Switch to cycling for short errands. It’s healthy for you and significantly reduces your environmental footprint.

7. Refuse, Reduce, Reuse, Recycle

Apply the golden 4 Rs: Refuse, Reduce, Reuse, Recycle. Minimize waste, get creative with reusing items, and responsibly recycle what you can. Read our recycling tips for more info. 

8. Conserve Water

Take shorter showers, turn off the tap while brushing, and be mindful of your laundry and dishwashing practices. Every drop conserved is vital. Find out more about why water conservation is important, and learn more in our tips to save water waste at home

9. Switch to Green Energy

Wind Turbines Sunset
Photo by Karsten Würth on Unsplash.

Opt for renewable energy sources. Switch to a renewable energy provider, and If you can't change your energy provider, even simple steps like using energy-efficient appliances can help substantially. Many other ways also exist to support climate solutions, from crowdfunding renewable energy to helping your school go solar

10. Invest in a Reusable Water Bottle

Eliminate the need for environmentally harmful single-use plastic bottles. Not only is this cost-effective, but carrying a reusable water bottle you can fill up at water refill stations on the go dramatically reduces plastic waste.

11. Go Paperless

Kick off a bit of admin spring cleaning and shift to digital billing to reduce paper waste. Encourage companies to do the same.
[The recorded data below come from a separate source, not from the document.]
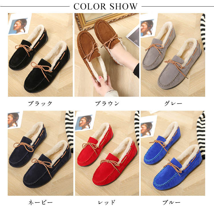 | 秋冬季節で大活躍な裏ボアモカシンシューズ。極上のふわふわファーが、つま先まで!素足で履いてもあったかい♪ベーシックからトレンドまで全6color展開します。楽チンな履き心地、一日中履いても足を疲れさせないソフトなフィット感、足が疲れにくいから歩き回る日にも大活躍! | |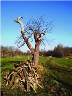 Naturnaher Obstbaumschnitt mit Erhalt von stehendem und liegendem Totholz als Lebensraum für verschiedene Tierarten, abgeschlossene Maßnahme in der Gemeinde Obergurig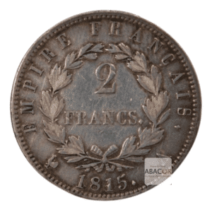 | Métal : Argent – Silver | Desc. pile : « 2 FRANCS » entourée d’une couronne de laurier et la date de frappe 1815 |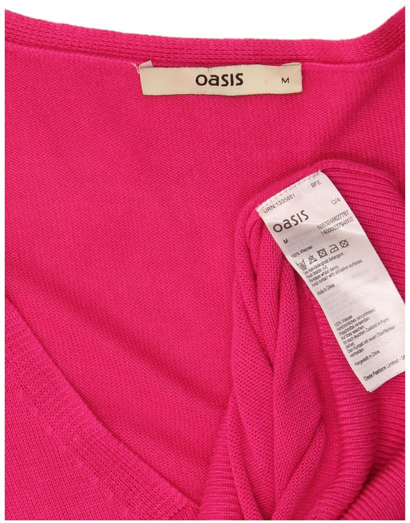 OASIS Womens Longline V-Neck Jumper Sweater UK 12 Medium Pink Viscose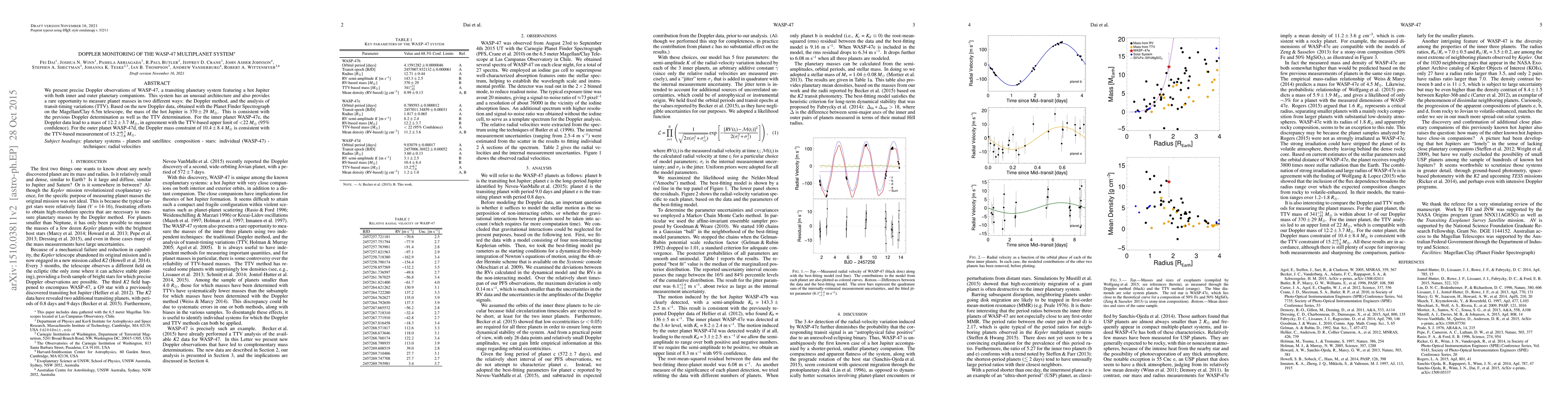 We present precise Doppler observations of WASP-47, a transiting planetary system featuring a hot Jupiter with both inner and outer planetary companions. This system has an unusual architecture and also provides a rare opportunity to measure planet masses in two different ways: the Doppler method, and the analysis of transit-timing variations (TTV). Based on the new Doppler data, obtained with the Planet Finder Spectrograph on the Magellan/Clay 6.5m telescope, the mass of the hot Jupiter is $370 \pm 29~M_{\oplus}$. This is consistent with the previous Doppler determination as well as the TTV determination. For the inner planet WASP-47e, the Doppler data lead to a mass of $12.2\pm 3.7~ M_{\oplus}$, in agreement with the TTV-based upper limit of $<$22~$M_{\oplus}$ ($95\%$ confidence). For the outer planet WASP-47d, the Doppler mass constraint of $10.4\pm 8.4~M_{\oplus}$ is consistent with the TTV-based measurement of $15.2^{+6.7}_{-7.6}~ M_{\oplus}$.

12. Promote the Pollinators

Plant locally sourced flowering plants that attract bees and butterflies. These pollinators play a crucial role in our ecosystem and need our help. Check out our butterfly and bee facts for more info. 

13. Support Green Businesses

Pay attention to the eco-practices of the businesses you support. Opt for those contributing positively to the environment. Thinking of starting your own? Check out our sustainable business ideas

14. Educate Yourself and Others

Knowledge is power. As such, the more you understand environmental issues, the better you’ll be able to spread the word. We have great selections of sustainable living books, plastic pollution documentaries, and climate change films for a great place to start. Or, more formally, consider environmental studies as your next personal development goal.

15. Eat Locally

Support local farmers and reduce your carbon footprint. Food has less distance to travel from farm to table, meaning fewer food miles, and often tastes better!

16. Avoid Fast Fashion

The clothing industry is a major environmental offender. Choose quality over quantity, ditch fast fashion, consider second-hand shopping, and instead pick up a unique find at an online thrift store

17. Limit the Use of Hazardous Chemicals

Opt for natural, biodegradable, and zero-waste cleaning products. Not only safer for us but for our aquatic ecosystems too.

18. Switch to Reusable Shopping Bags

Bid farewell to single-use plastic bags. Carry your own reusable shopping bags. Not only are they sturdier, but they're also much more environmentally friendly.

19. Invest in a Bamboo Toothbrush

A small but significant switch. Bamboo toothbrushes are an excellent alternative to traditional plastic ones, which can take over 400 years to decompose!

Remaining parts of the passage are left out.